_Your task_
In the listing below, find the line holding "今日(5月11日)上午,当记" and the line holding "这几天陆续收到了同学好友的伴". Write out those two lines and all lines between, exactly, and nothing more.
-------- Information
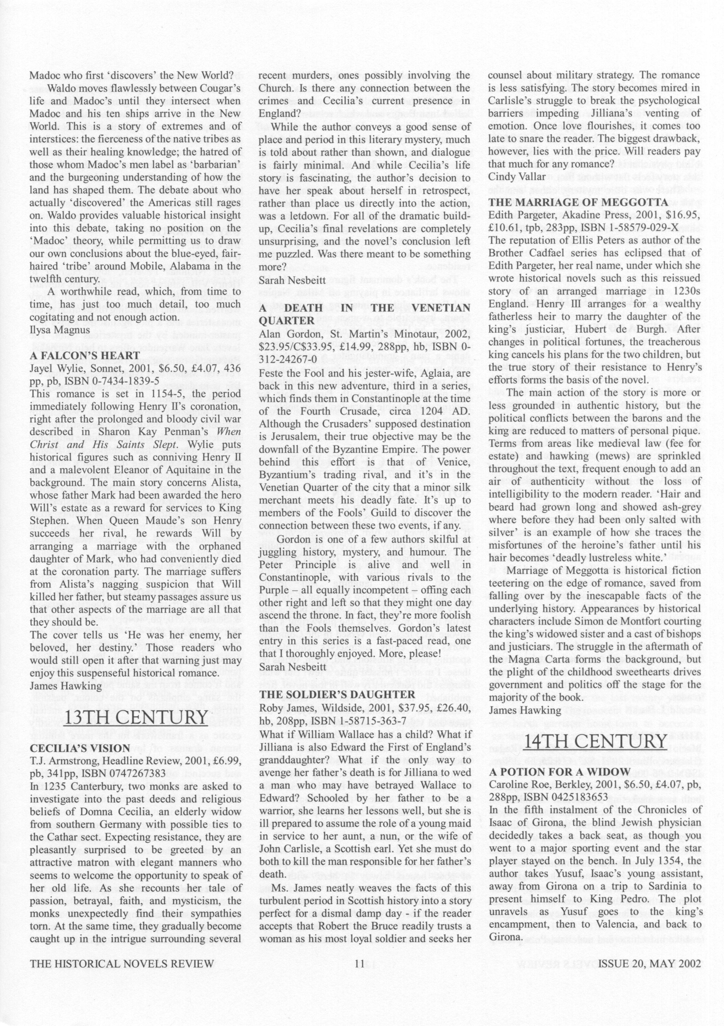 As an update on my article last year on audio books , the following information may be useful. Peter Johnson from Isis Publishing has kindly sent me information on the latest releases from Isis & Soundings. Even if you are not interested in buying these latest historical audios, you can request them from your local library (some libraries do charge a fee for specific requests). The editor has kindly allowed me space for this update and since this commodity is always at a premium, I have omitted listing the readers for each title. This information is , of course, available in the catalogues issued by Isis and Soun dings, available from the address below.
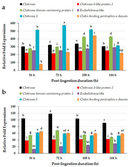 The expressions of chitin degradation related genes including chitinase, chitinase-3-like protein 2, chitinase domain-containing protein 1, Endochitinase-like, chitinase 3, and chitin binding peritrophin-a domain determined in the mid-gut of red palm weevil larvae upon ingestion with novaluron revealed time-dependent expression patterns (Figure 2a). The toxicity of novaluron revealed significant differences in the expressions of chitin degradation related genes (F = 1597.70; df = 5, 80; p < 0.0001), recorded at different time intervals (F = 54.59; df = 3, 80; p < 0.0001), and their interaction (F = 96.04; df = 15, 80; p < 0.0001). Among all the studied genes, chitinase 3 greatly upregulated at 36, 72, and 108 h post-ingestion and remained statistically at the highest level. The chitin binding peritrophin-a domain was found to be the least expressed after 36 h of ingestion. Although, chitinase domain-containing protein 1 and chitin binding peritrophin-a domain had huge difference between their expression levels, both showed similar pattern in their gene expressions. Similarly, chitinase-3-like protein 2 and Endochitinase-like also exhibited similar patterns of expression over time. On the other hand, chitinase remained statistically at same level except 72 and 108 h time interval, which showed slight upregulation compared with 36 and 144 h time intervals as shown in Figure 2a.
----------------
-------- Information
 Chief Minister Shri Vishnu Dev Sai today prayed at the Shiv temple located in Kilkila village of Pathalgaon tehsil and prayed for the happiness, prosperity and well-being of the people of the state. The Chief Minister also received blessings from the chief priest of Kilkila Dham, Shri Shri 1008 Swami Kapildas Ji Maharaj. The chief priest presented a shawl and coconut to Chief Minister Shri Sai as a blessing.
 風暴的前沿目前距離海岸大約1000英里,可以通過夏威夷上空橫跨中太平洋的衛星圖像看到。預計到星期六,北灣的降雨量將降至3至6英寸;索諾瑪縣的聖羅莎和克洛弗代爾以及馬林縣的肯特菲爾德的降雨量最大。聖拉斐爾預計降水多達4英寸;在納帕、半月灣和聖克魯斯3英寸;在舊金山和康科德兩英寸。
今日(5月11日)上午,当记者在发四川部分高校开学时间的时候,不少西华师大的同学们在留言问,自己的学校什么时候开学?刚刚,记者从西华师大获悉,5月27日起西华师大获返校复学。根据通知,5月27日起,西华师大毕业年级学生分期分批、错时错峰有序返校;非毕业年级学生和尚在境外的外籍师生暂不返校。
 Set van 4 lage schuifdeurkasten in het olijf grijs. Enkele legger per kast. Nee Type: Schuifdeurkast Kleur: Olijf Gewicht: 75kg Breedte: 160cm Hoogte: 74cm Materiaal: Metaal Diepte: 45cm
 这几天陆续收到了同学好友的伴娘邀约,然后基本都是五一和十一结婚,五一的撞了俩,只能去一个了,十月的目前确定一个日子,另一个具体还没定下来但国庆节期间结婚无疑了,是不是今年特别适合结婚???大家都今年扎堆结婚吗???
----------------
_Answer to the exercise_
今日(5月11日)上午,当记者在发四川部分高校开学时间的时候,不少西华师大的同学们在留言问,自己的学校什么时候开学?刚刚,记者从西华师大获悉,5月27日起西华师大获返校复学。根据通知,5月27日起,西华师大毕业年级学生分期分批、错时错峰有序返校;非毕业年级学生和尚在境外的外籍师生暂不返校。
 Set van 4 lage schuifdeurkasten in het olijf grijs. Enkele legger per kast. Nee Type: Schuifdeurkast Kleur: Olijf Gewicht: 75kg Breedte: 160cm Hoogte: 74cm Materiaal: Metaal Diepte: 45cm
 这几天陆续收到了同学好友的伴娘邀约,然后基本都是五一和十一结婚,五一的撞了俩,只能去一个了,十月的目前确定一个日子,另一个具体还没定下来但国庆节期间结婚无疑了,是不是今年特别适合结婚???大家都今年扎堆结婚吗???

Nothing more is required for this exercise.